Since my memory is flaky and tends to hold only a handful of things, I tend to write down things that seem important but not urgent so that I can focus on what I was doing and then come back to it later. This process is highly fluid. Something comes along; I write it down. Then later I look at what I’ve written and edit a bit and once in a while I actually get around to doing stuff that I wrote down but mostly the list just grows and I pick off things that seem the most urgent. The best tool for this process is necessarily something brutally simple. The main goal is to be minimally disruptive to the actually productive thing I was doing when I got interrupted while still getting the job of taking note whatever I was interrupted for so that I don’t forget about it. So, for a long time a simple text editor was my tool of choice here. Alt tab, type, edit,type, ctrl+s, alt tab back to whatever I was doing. This is minimally intrusive. My planning process consists of moving lines around inside the file and editing them. This sounds as primitive as it is and it has many drawbacks; especially in teams. But it beats having to deal with Jira’s convoluted UI or hunting for the right button in a web ui to find stuff across the dozen or so Github and Gitlab projects I work on. However, using a text editor doesn’t scale and I need a decent issue tracking tool to solve it properly.

Enter Asana. As you can probably imagine, I came to this tool with healthy bias of basically all previous tools that I’ve tried over the past decades not coming close to my preferred but imperfect tool: the text file. My first impression of this tool was wrong. The design and my bias lead me to believe that this was another convoluted, over-engineered issue tracker. It took me five minutes of using it before I got how wrong I was.
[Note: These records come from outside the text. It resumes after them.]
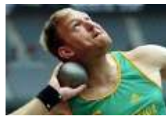
Figure 1 - Keep shot close to neck, under jaw or front of the ear
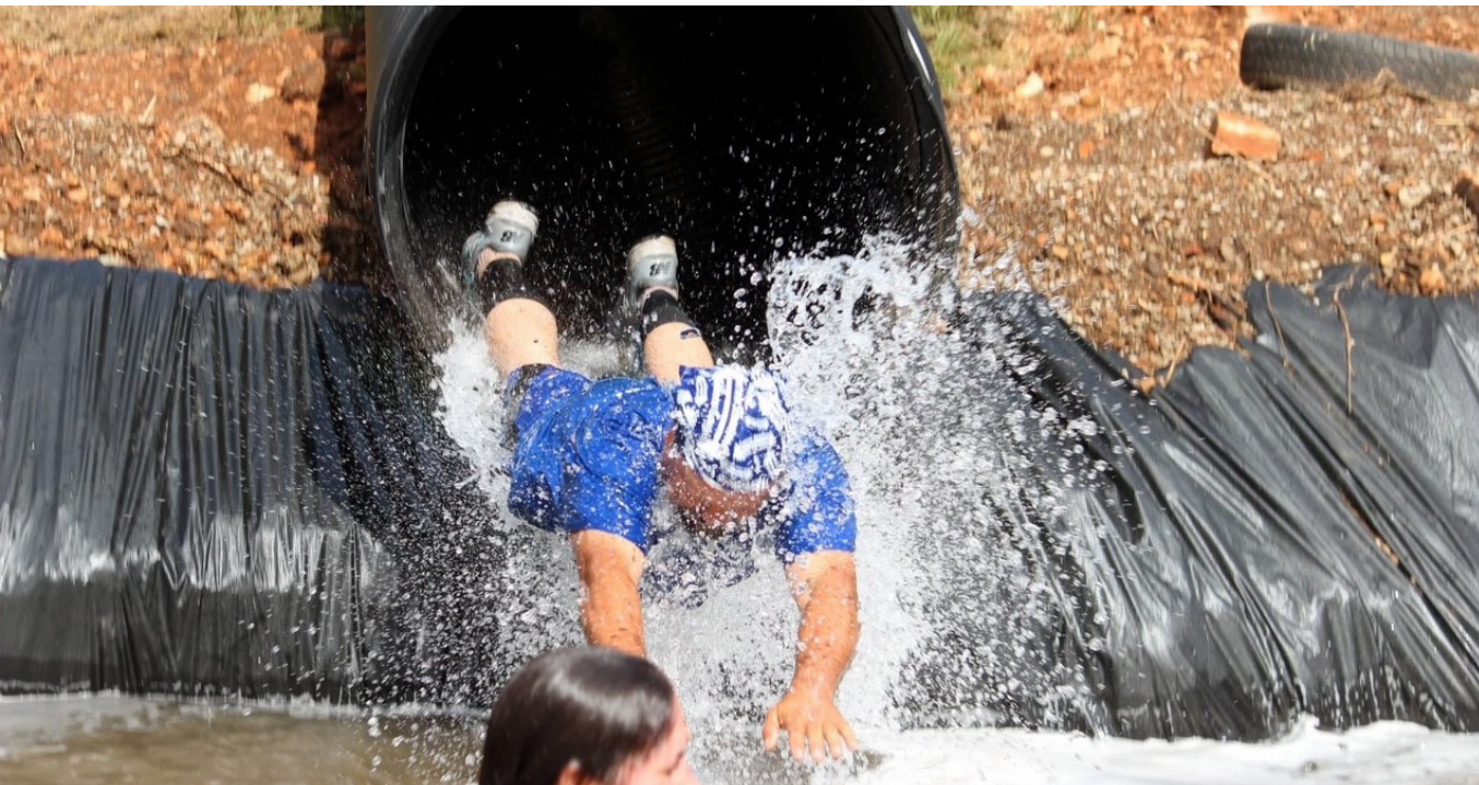
Tecumseh Warrior Challenge.
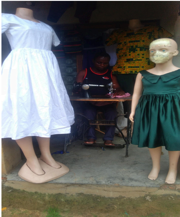
Women and Gir's dresses
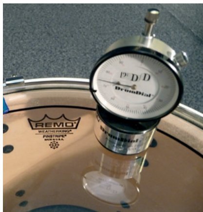
Drum tuning is a skill that can defeat novices, and devices such as the Drum Dial can provide valuable help.

► we endeavour to capture, because they are the one over which we have most control. Drum tuning is an art in itself and its importance cannot be overlooked, as even the best-quality drum kit on the market is still going to sound poor unless properly tuned. Usually I'll take the opportunity to get a kit tuned before getting into the studio, as this can be a lengthy process.
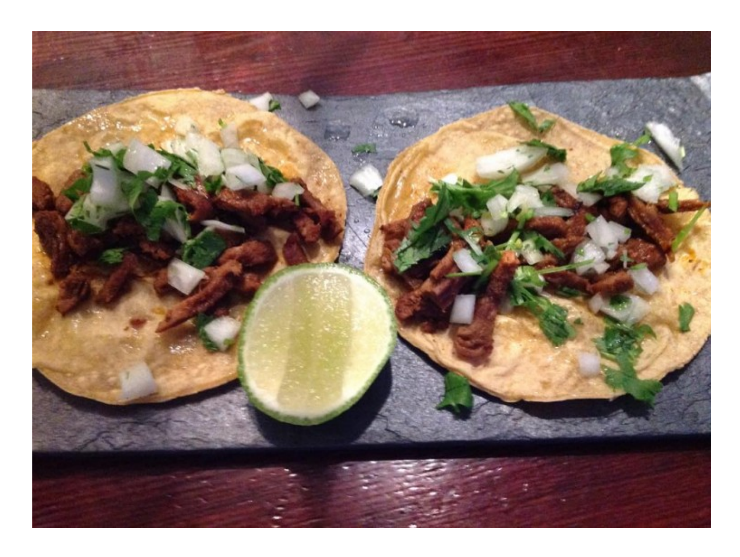
The second specimen was Cochinita de Pibil with achiote.
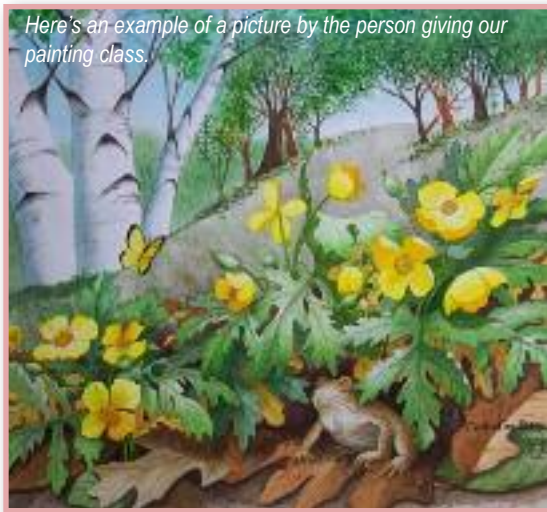
Here's an example of a picture by the person giving our painting class.

Just what were those little blooms peeking out from beneath the leaves at the edge of the path last spring; the ones that were gone once you got around to visiting again? Blooming early and disappearing almost before you know it, spring ephemerals are a class of perennials deserving more atten-
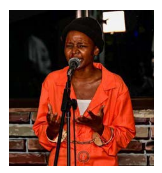
An artist performs at the recent festival in Kisumu to honor victims of the Garissa University attack

On April 2, 2023, a group of youth in Kisumu converged at a hotel in Kisumu. The somber occasion was to honour the lives of the 147 people, most of them students, who perished in the terrorist attack on the morning of April 2, 2015 at the then Garissa University College (GUC).
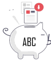
Transfer of Credits
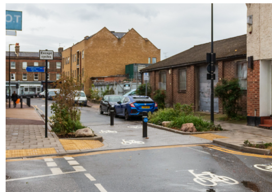
Berthon Street – Existing (left) . Example pocket park / Modal filter within Royal Borough of Greenwich (Right)

Doing this would reduce any left hook risks across the proposed cycleway and reduce through traffic on Creekside. Filtering Creekside would allow for a better public realm scheme outside the new Tidemill development on DCS and also the Bird's Nest Pub. A modal filter here would provide more green time for pedestrians and cycle traffic. Buses would also potentially benefit from faster journey times.
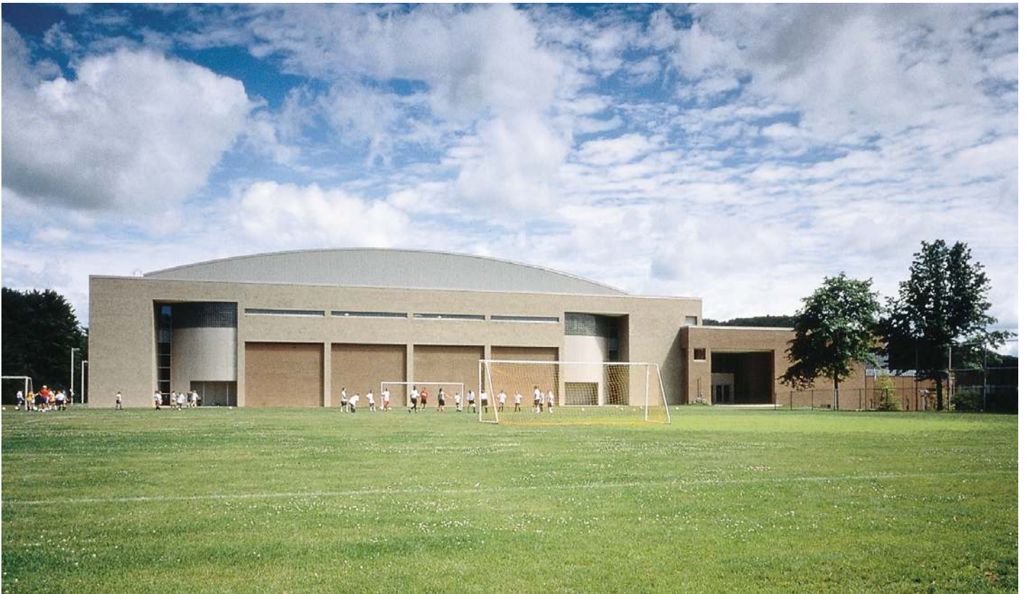
View from soccer field
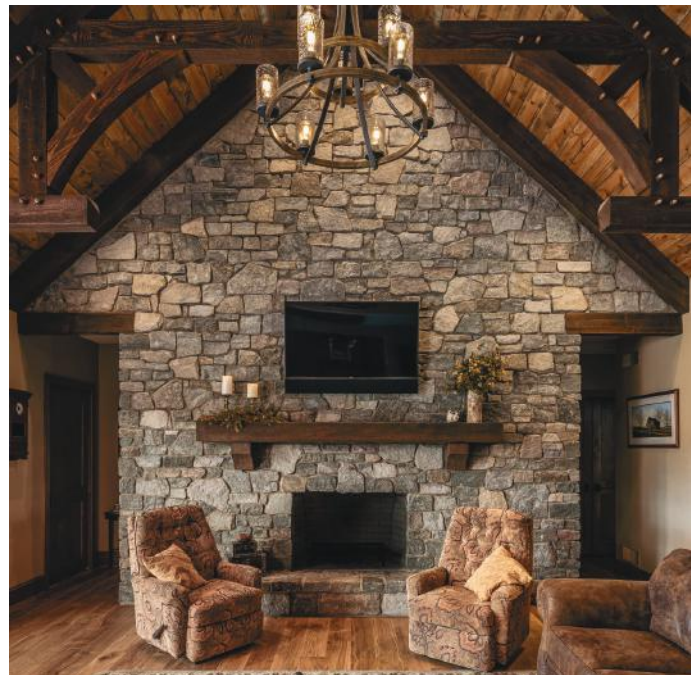
Rockland Homestead Rubble

The biggest hurdle was actually migrating the hundred or so issues I was tracking. Or so I thought. I was not looking forward to clicking new, edit, ok etc. a hundred times, which I assumed would be the case because that is how basically all issue trackers I’ve worked with so far work. So, I had been putting off that job. It turns out Asana does not work that way: copy 100 lines of text, paste, job done. So, one minute into using it I had already migrated everything I had in my text editor. I was impressed by that.

Asana is a list of stuff where you can do all the things that you would expect to do in a decent UI for that. You can paste lines of text and each line becomes an issue. You can drag lines around to change the order. Organize them using sections, tags, and projects. You can multi select lines using similar mouse and keyboard commands to what you would use in say a spreadsheet and manipulate issues that way. Unlike every other issue tracker, the check box in the UI actually is there to allow you to mark things as done and not for selecting stuff. Instead CMD+a, SHIFT+click, or CMD+click selects issues and then clicking e.g. the tag field does what you’d expect. Typing @ triggers the autocomplete and you can easily refer things (people, issues, projects, etc.) by name. There are no ticket numbers in the UI but each line has a unique url of course. Editing the line updates all the @ references to that issue. There are no modal dialogues or editing screens that hijack the screen. Instead Asana has a list and a detail pane that sit side by side. Click any line and the pane updates and you do your edits there. Multi select some lines and anything you do in the pane happens to the selected issues. There are no save, OK, submit, or other buttons that add unnecessary levels of indirection. Just clicking in the field and typing is enough.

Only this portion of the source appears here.